=== REQUIREMENT ===
In the data below, begin at the line with "33 cm, 2025." and stop after the line with "Φόρεμα, €49.99, MANGO."; output those lines exactly and no pictures.

=== DATASET EXTRACT ===
========================

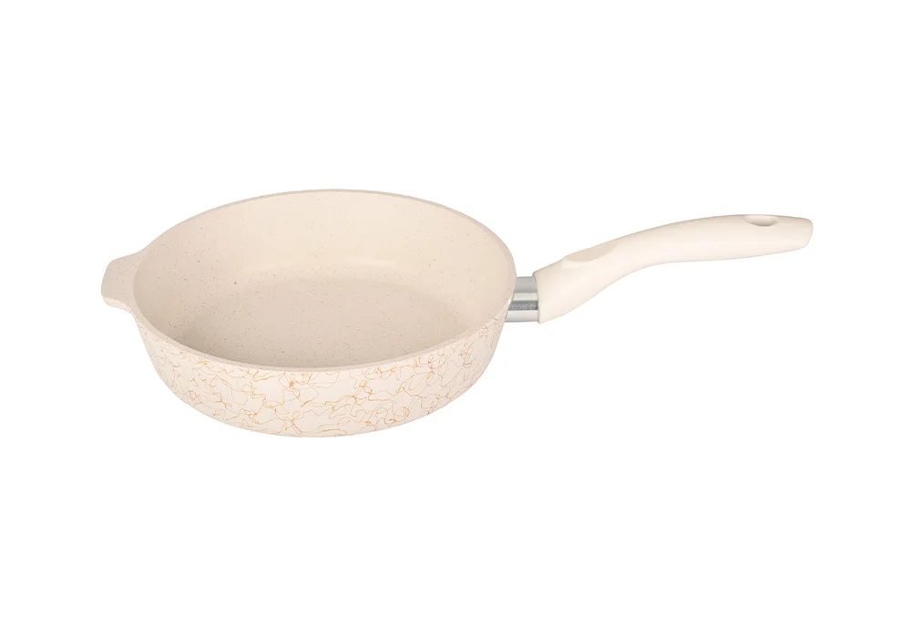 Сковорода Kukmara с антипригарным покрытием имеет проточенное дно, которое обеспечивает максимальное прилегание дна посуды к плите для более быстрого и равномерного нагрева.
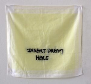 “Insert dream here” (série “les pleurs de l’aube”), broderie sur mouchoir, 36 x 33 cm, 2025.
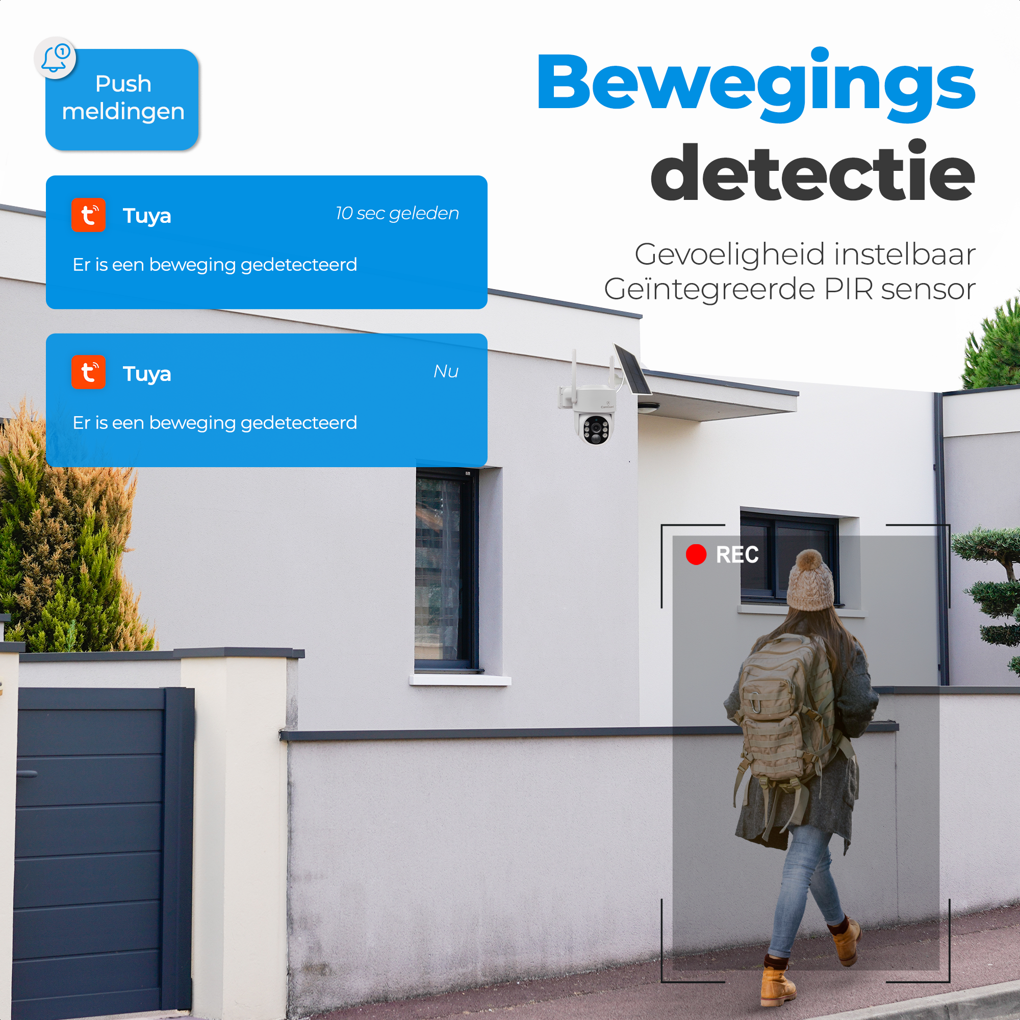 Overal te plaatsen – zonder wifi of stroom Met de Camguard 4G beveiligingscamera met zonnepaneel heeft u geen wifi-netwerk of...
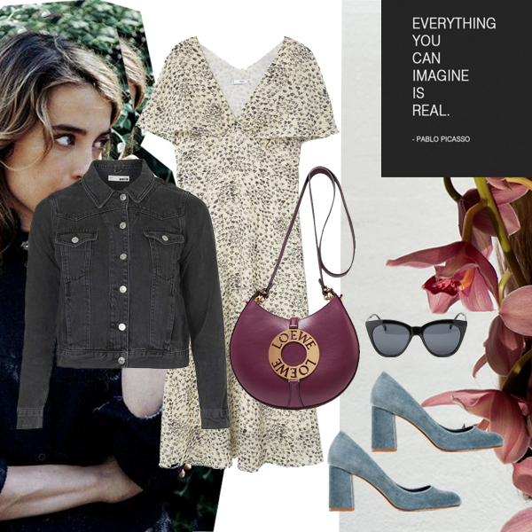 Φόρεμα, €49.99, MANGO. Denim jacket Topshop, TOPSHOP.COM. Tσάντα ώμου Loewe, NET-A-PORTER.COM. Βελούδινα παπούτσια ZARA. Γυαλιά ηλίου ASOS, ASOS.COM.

========================

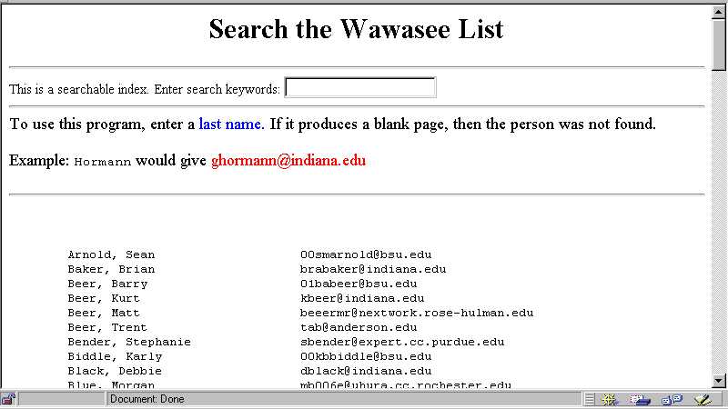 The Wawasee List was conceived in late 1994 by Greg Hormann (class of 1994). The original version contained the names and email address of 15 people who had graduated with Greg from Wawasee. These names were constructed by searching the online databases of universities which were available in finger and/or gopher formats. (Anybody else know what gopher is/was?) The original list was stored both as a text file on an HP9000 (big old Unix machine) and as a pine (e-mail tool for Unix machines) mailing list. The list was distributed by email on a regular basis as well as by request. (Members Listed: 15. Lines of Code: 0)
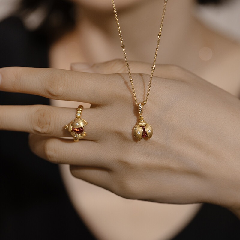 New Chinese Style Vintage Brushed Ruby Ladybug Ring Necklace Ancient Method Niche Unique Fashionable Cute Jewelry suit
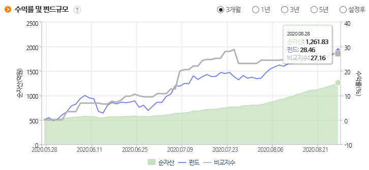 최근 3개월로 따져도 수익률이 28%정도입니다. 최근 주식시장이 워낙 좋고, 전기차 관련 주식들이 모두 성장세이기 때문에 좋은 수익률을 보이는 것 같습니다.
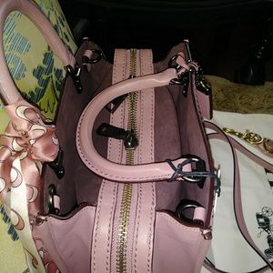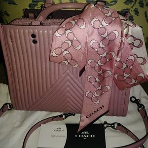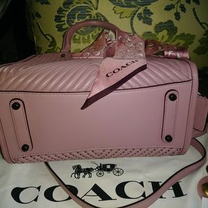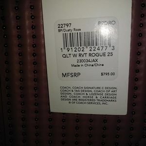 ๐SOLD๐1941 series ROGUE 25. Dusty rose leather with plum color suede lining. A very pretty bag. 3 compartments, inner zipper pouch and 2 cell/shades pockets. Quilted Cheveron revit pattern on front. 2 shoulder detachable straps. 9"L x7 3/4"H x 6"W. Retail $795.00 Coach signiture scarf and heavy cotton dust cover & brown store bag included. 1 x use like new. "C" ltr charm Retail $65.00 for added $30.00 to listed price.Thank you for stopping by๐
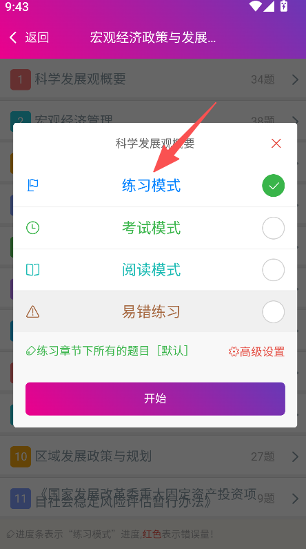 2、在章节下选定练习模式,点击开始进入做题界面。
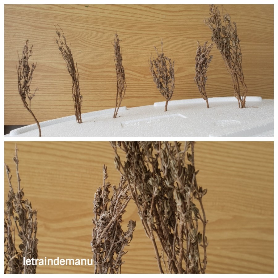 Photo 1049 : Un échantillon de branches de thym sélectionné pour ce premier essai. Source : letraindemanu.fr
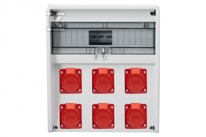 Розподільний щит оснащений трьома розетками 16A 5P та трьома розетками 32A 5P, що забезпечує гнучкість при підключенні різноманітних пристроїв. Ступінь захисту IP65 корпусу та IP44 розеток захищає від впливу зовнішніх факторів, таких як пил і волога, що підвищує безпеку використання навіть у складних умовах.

========================

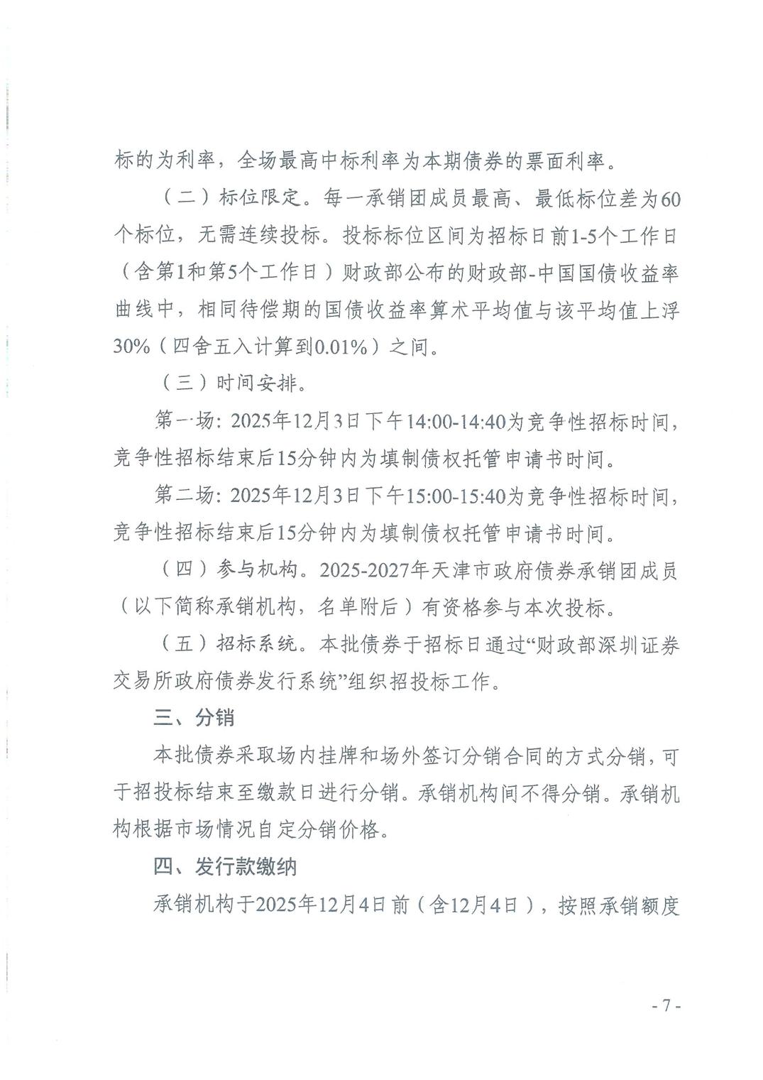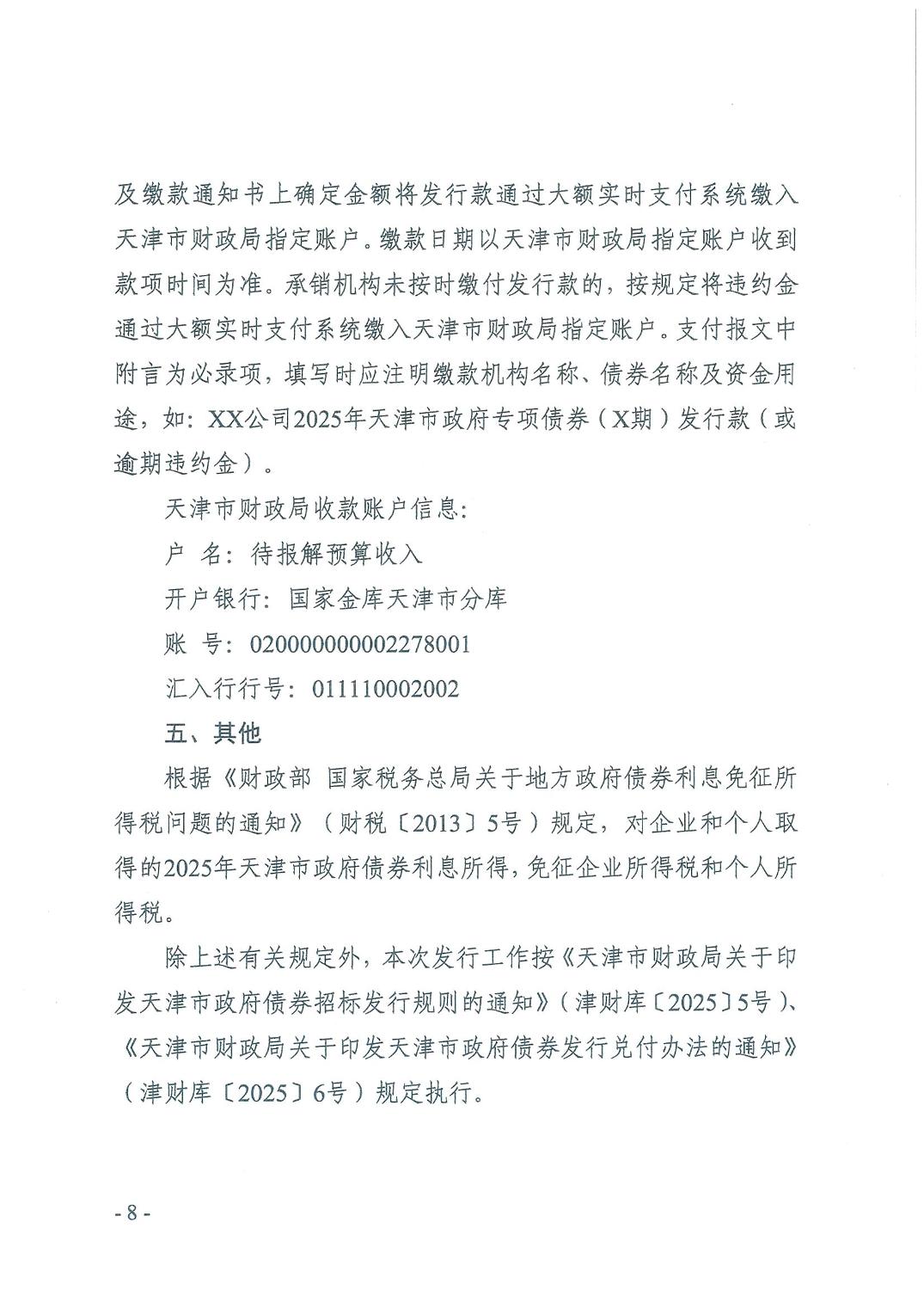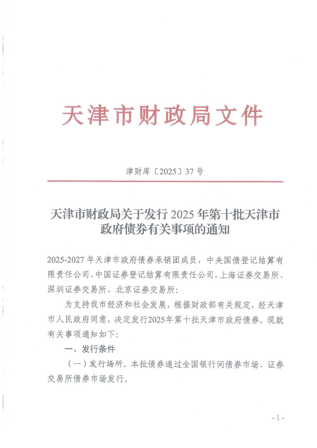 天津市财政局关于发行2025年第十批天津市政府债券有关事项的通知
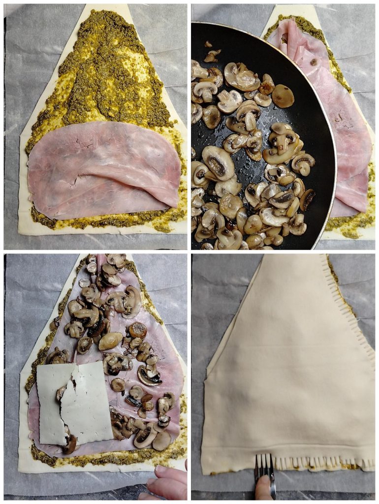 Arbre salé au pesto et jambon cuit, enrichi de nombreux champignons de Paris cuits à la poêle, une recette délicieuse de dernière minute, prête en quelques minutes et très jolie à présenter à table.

========================

=== TASK RESPONSE ===
 “Insert dream here” (série “les pleurs de l’aube”), broderie sur mouchoir, 36 x 33 cm, 2025.
 Overal te plaatsen – zonder wifi of stroom Met de Camguard 4G beveiligingscamera met zonnepaneel heeft u geen wifi-netwerk of...
 Φόρεμα, €49.99, MANGO. Denim jacket Topshop, TOPSHOP.COM. Tσάντα ώμου Loewe, NET-A-PORTER.COM. Βελούδινα παπούτσια ZARA. Γυαλιά ηλίου ASOS, ASOS.COM.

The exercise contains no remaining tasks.